The optimizations that sound smart but aren’t
Switching to a smaller model is the obvious move that often backfires. Yes, the model is faster, but if it now needs two attempts or a clarifying turn to land the right answer, you’ve made things worse. Measure end-to-end task completion time, not single-call latency.
Self-hosting open models for “speed” is another one. Unless you have serious infra muscle, a managed endpoint from someone like Together or Fireworks usually beats whatever you’ll cobble together on your own GPUs, and the big providers are getting faster every quarter. I’ve stopped suggesting this to clients unless they have a clear compliance reason.
Aggressive context trimming can save 200ms and cost you the answer. Token count and latency are related but not linearly. Past a point you’re cutting muscle, not fat.
The honest tradeoff for marketing teams
Here’s what I keep telling marketing operators who want to ship a real-time agent: you cannot have best-model quality, full agentic behavior, deep retrieval, and sub-4-second response all at once.

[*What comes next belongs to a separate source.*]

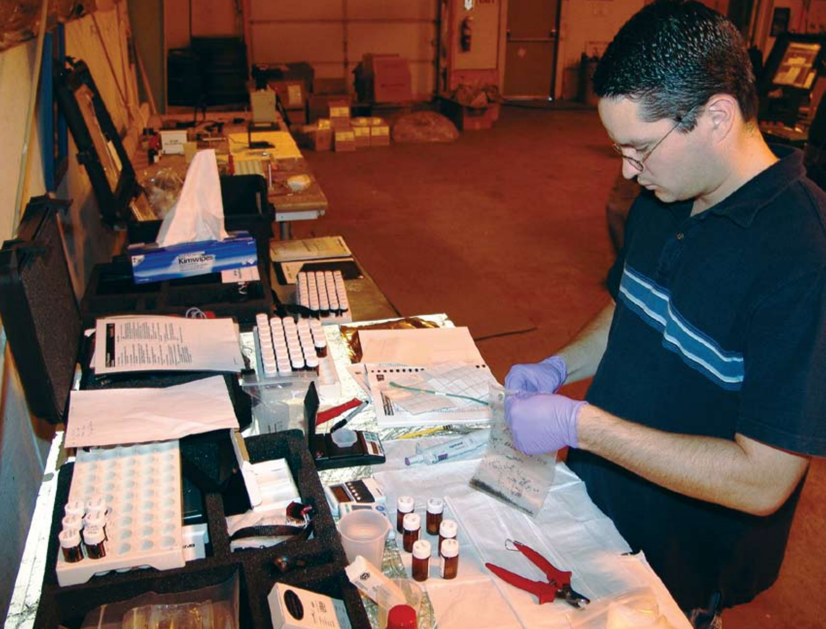
A technician opens a bag to select a propellant test sample during thin-layer chromatography training at Tooele Army Depot.

storage by forcing it to happen much earlier in the laboratory. When a tested propellant lot's "days to fume" reach a defined minimum level, all quantities of that lot, wherever stored, are ordered destroyed. Until 1963, Navy ships had propellant labs on board to conduct this test. Although techniques have improved over the years, the accelerated aging test is still conducted by the Navy service lab at Indian Head, Maryland, and the Army lab at Picatinny Arsenal, New Jersey.

You can have three. Pick which one you’ll compromise.
For most lead-gen and support use cases, I’d compromise on “best model.” A well-prompted mid-tier model with good retrieval and parallel tools beats a poorly orchestrated frontier model every time, and it does so inside the latency budget.
If you’re scoping an AI agent project this quarter, set the latency budget before you pick the model. Write it on the brief: time to first token under 800ms, full response under 4 seconds, voice variant under 1.5s. Then make every architecture decision answer to that number. The teams I’ve watched succeed treat latency as a product requirement, not a thing to optimize later. The ones still stuck in pilot treat it as a nice-to-have, and their bounce rates tell the story.